During the 26-year era of Liberal premier Thomas Playford (November 1938 – March 1965), the bank was a key tool of his vision for the state's rapid economic and industrial development. Playford used both the Savings Bank and the State Bank to finance the Electricity Trust of South Australia and the South Australian Housing Trust.

The two state-owned banks complemented each other. The savings bank was for the people to deposit their savings and for others to borrow money for mortgages on fair terms, while the state bank was used for larger projects. During this period the bank took on many new customers, especially migrants brought out to South Australia under assisted migration schemes.

===Head office building===
The architects Eric McMichael and Alfred Charles Harris, in their practice E.H. McMichael and Harris, designed the new Savings Bank building at 97 King William Street in 1938. However, owing to shortages of both labour and materials during World War II, it took five years to be completed. It was their largest-ever commission, and at the time became the city's tallest building. McMichael was responsible for the design, after trustees and executives of the bank had visited Sydney and Melbourne to inspect the most modern buildings in those cities. The style is mainly Art Deco, with some Classical elements. Significant to the Art Deco style are the motifs depicting South Australian agriculture, along with the use of parallel lines, the polished granite base and the monumental entrance. The building was listed on the South Australian Heritage Register on 11 September 1986.

==1970s–1984: lead-up to the merger==
Labor premier Don Dunstan (June 1970 – February 1979) first floated the idea of merging the State Bank and the Savings Bank, but the conservative trustees of the bank were strongly opposed to this idea and highly suspicious of the Labor Party.

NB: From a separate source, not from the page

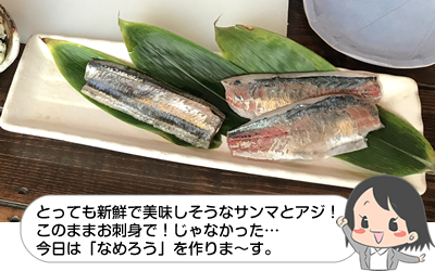 私は「サンマ」にします!サンマのなめろう食べたことないし。 - ベイ子ちゃん、こういう時は本当に早いよね(笑)では、僕は「アジ」で作ります。
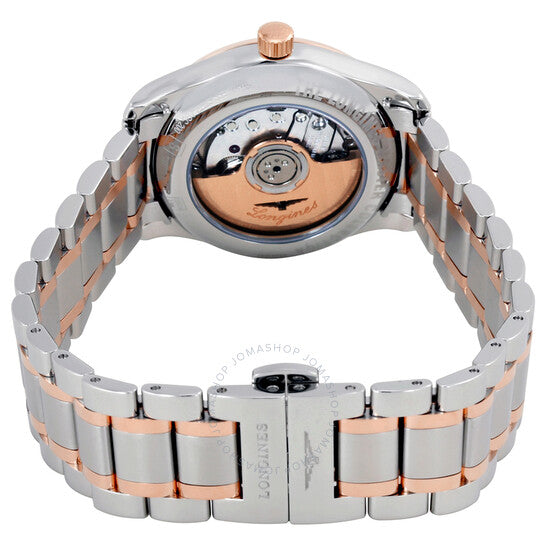 علبة من الفولاذ المقاوم للصدأ مع سوار من الفولاذ المقاوم للصدأ ثنائي اللون (فضي وذهبي وردي). إطار ثابت من الذهب الوردي. ميناء فضي مع عقارب زرقاء على شكل ورقة شجر وعلامات ساعات عربية. علامات الدقائق. علامات دقائق عربية (بفاصل 5 دقائق) حول الحافة الخارجية. نوع الميناء: تناظري. عرض التاريخ عند موضع الساعة 3. حركة لونجين كاليبر L595/592 أوتوماتيكية، مبنية على ETA 2000-1، تحتوي على 20 جوهرة، تنبض بمعدل 28800 ذبذبة في الساعة، ولديها احتياطي طاقة لمدة 40 ساعة تقريبًا. كريستال ياقوت مقاوم للخدش. تاج سحب/دفع. غطاء خلفي شفاف. شكل دائري. حجم العلبة: 29 مم. سمك العلبة: 9 مم. عرض السوار: 15 مم. مشبك بزر ضغط قابل للطي. مقاومة للماء حتى عمق 30 مترًا / 100 قدم. الوظائف: التاريخ، الساعة، الدقائق، الثواني. معلومات إضافية: غطاء الذهب هو عملية يُصنع فيها غطاء من الذهب لتركيبه على علبة من الفولاذ المقاوم للصدأ. سلسلة ماستر. طراز ساعة رسمية. علامة الساعة: صناعة سويسرية. تنوعات المنتج: L22575797. ساعة لونجين ماستر أوتوماتيكية نسائية بمينا فضي L2.257.5.79.7.

Early in his premiership, Dunstan had got the trustees offside by deceiving them by stating he intended to pass some minor annual leave changes through the Parliament, while actually changing the formation of the board and allowing the Labor Government to appoint the chairman of the Savings Bank and allowing trustees to sit on both boards. This had effect of giving control of the banks to Labor Party and not the trustees, who had ably served both of the banks for many decades. Dunstan also had raided both of the banks of their reserve funds to pay for his health, education and arts schemes.

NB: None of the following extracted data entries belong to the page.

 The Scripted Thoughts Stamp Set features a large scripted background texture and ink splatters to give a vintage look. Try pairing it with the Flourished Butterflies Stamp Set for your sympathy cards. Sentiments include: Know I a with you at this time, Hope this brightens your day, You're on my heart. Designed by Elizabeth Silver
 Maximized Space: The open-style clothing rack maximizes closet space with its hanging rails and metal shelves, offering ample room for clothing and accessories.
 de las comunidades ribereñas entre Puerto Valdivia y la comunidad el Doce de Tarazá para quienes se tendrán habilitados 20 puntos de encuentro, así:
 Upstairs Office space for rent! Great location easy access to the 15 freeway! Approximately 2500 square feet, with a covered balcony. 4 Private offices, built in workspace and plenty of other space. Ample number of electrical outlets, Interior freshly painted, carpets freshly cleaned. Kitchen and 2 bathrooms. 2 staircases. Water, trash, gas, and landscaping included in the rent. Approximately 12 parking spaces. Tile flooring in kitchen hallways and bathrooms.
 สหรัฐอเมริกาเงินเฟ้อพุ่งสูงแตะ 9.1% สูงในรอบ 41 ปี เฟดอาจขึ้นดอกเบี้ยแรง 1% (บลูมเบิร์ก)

After Dunstan had changed the composition of the banks boards, they requested a merger. However, Labor lost the 1979 election and Liberal premier David Tonkin (September 1979 – November 1982) would not allow the banks to merge.

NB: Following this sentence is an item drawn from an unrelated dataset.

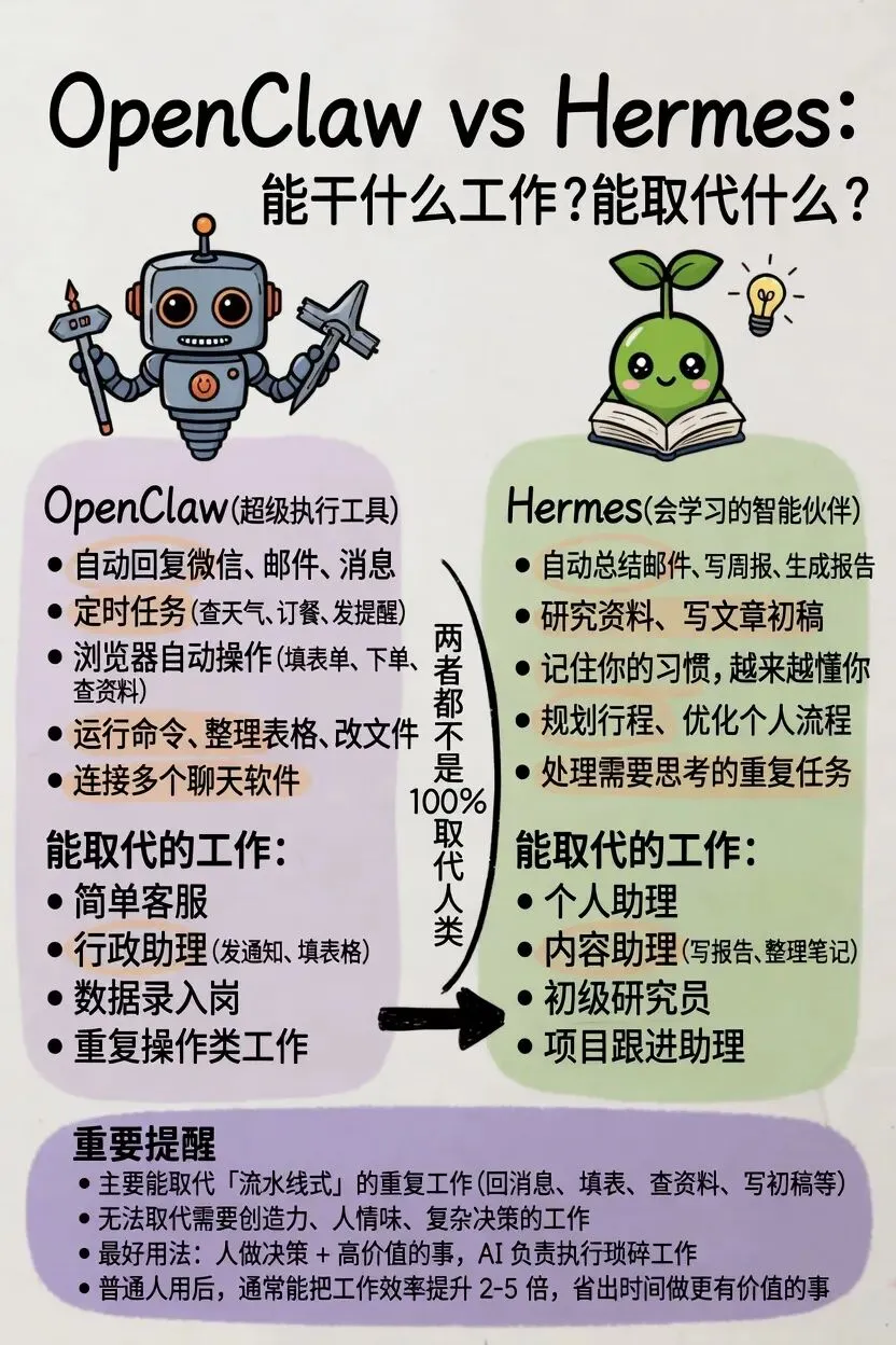 最佳玩法:两者一起用!OpenClaw 负责连接和执行,Hermes 负责学习和思考。

Under the Labor premier John Bannon (November 1982 – September 1992), the two banks were merged in 1984.

==State Bank of South Australia==

The combined bank, called the State Bank of South Australia, had rapid growth in the economic boom of the 1980s. However at the end of the boom came a bust, and the State Bank of SA (like the State Bank of Victoria) was unable to withstand the early 1990s recession in Australia. The State Bank of SA failed because it had a "non-performing" loan portfolio, meaning that repayments were not made on money lent. It later became BankSA.